Meskipun pihak keluarga Imam menyanggupi, uang dalam jumlah besar tersebut
tidak dapat diperoleh secara cepat, namun butuh waktu berhari-hari. Hingga akhirnya pihak
keluarga mendapat kabar adanya penemuan jasad yang ditemukan sudah membusuk dari
sungai di wilayah Karawang. Setelah dibawa ke RSPAD Gatot Subroto, diketahui bahwa
identitas jasad tersebut adalah Imam Masykur, korban penculikan dan penganiayaan yang
diduga dilakukan Praka Riswandi Manik dan rekan-rekannya. Sedangkan Praka J merupakan
anggota TNI di Kodam Iskandar Muda Aceh.

Terkait peran dan alasan pelaku menculik dan membunuh Imam Masykur, Kepala
Dinas Penerangan TNI Angkatan Darat (Kadispenad) Brigadir Jenderal TNI Hamim Tohari
tak mau berkomentar. Menurutnya, alasan mengapa Imam yang dijadikan target penculikan
dan pemerasan tidak bisa terlebih dahulu diungkap ke publik. "Ini ranah obyek penyidikan,
belum bisa saya ungkapkan, nanti akan diungkap di pengadilan ya," kata Hamim dalam pesan
singkatnya kepada Kompas.com, Selasa (29/8/2023).
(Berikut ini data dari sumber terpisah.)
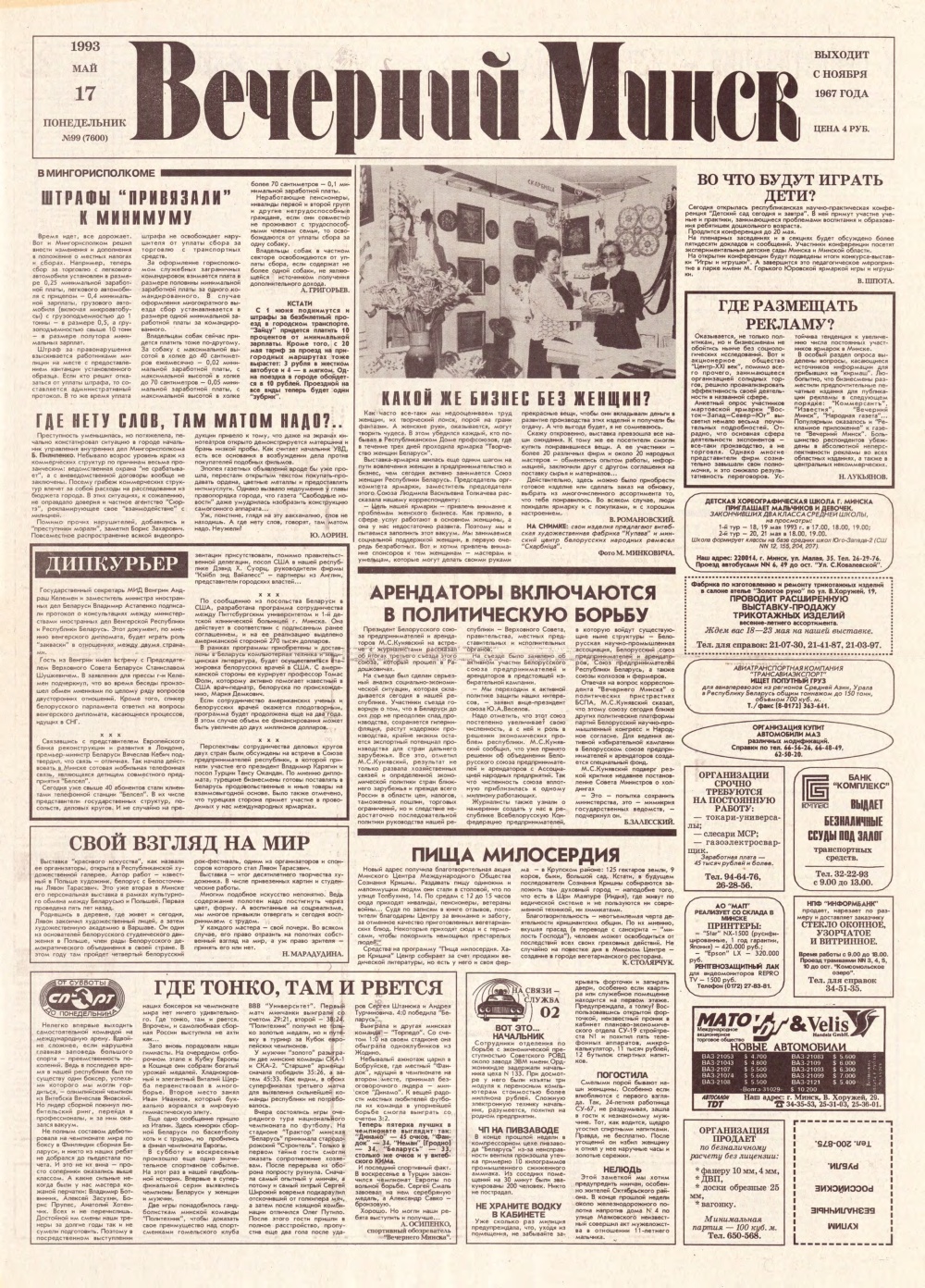 «Вечерний Минск» — выходит з ноября 1967 года. Учредитель: трудовой коллектив редакции газеты «Вечерний Минск». Газета издается на русском и белорусском языках, выходит 5 раз в неделю, кроме субботы и воскресенья — 250 раз в году.
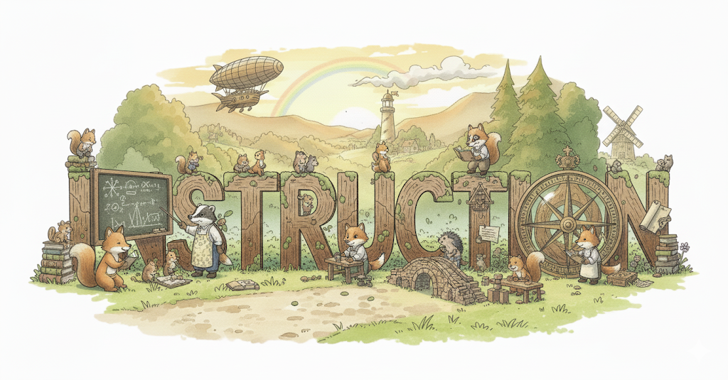 라틴어 instructio ("건설, 준비, 배열; 교육")에서 유래 → 'instruere' (건설하다, 준비하다, 가르치다)에서 파생 → 즉, 원래 **'무언가를 준비하거나 체계적으로 쌓아 올리는 행위'**를 의미했음 → 이 의미가 현대 영어에서 '무엇을 어떻게 해야 할지 알려주는 구체적인 지시나 명령' (지시, 명령) 명사로 굳어졌어요. 나아가 이러한 '체계적으로 알려주는 행위'라는 개념이 확장되어 '지식이나 기술을 가르치는 행위; 또는 가르침을 통해 얻는 것' (교육, 지도)을 뜻하게 되었고, 구체적으로 '기기 등을 사용하거나 조립하는 방법을 설명하는 문서' (사용 설명서)를 지칭하기도 합니다. 즉, **'체계적으로 방향을 제시하거나 지식을 전달하는 행위 또는 그 내용물'**을 나타내는 핵심 다의어예요.
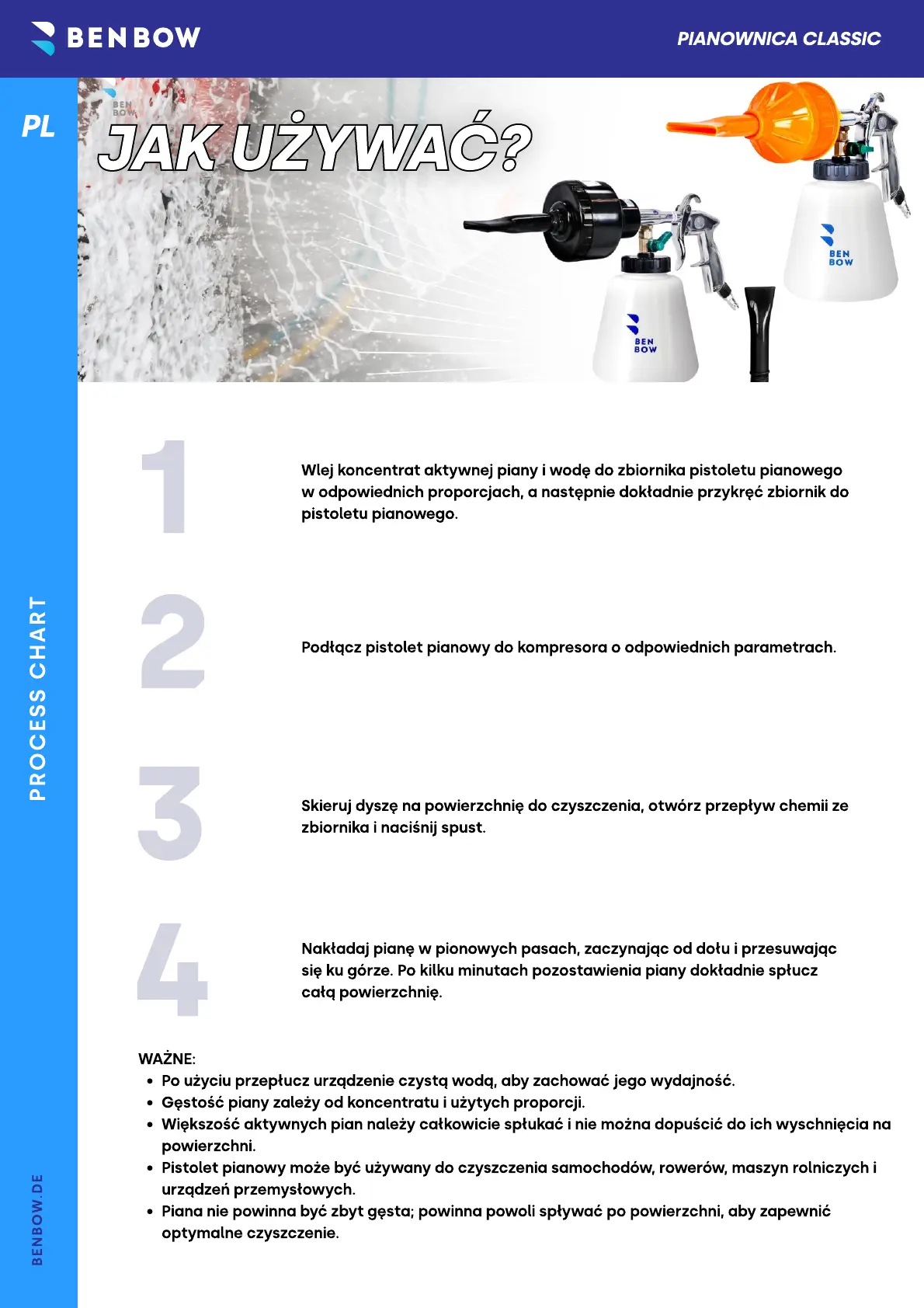 Pistolet pianowy może być używany do czyszczenia samochodów, rowerów, maszyn rolniczych i

Ia menyatakan bahwa proses
penyidikan masih terus dilakukan dan tiga oknum prajurit yang
menculik Imam Masykur telah ditahan.

Sementara itu, Komandan Polisi Militer Kodam Jaya (Danpomdam Jaya) Kolonel
CPM Irsyad Hamdie Bey Anwar mengungkapkan bahwa tiga oknum TNI menculik dan
menyiksa Imam Masykur untuk memeras korban. Korban diperas karena ketiga pelaku
mengetahui kegiatan korban yang menjual obat-obatan ilegal (tramadol). Namun, penyiksaan
itu justru membuat korban meregang nyawa. Kendati demikian, Irsyad juga belum bisa
menjelaskan mengapa Imam Masykur yang dijadikan target pemerasan. Disamping itu, ia
mengatakan pemerasan dan penganiayaan hingga mengakibatkan warga Aceh itu meninggal
dunia sudah direncanakan. “Mereka ini (oknum TNI) semua satu angkatan, yang latar
belakangnya orang-orang dari Aceh, yang sama-sama sedang di Jakarta,” kata Irsyad. Karena
itu, mereka berkumpul untuk merencanakan melakukan penculikan dan pemerasan terhadap
warga Aceh. “Mereka melakukan itu secara bersamaan (dan) terencana untuk
(melakukan) penculikan dan pemerasan ini dari kelompok orang yang sama,” jelasnya.
Dikatakan Irsyad, para pelaku tidak mengenal secara detail identitas korban Imam Masykur,
namun mengetahui kegiatan komunitas korban ini apa-apa saja. “Dia (pelaku) tidak saling
kenal tapi tau komunitas korban ini berasal dari Aceh dan kegiatannya apa saja. Sehingga
mereka melakukan tindakan tersebut (penculikan dan pemerasan),” ujarnya.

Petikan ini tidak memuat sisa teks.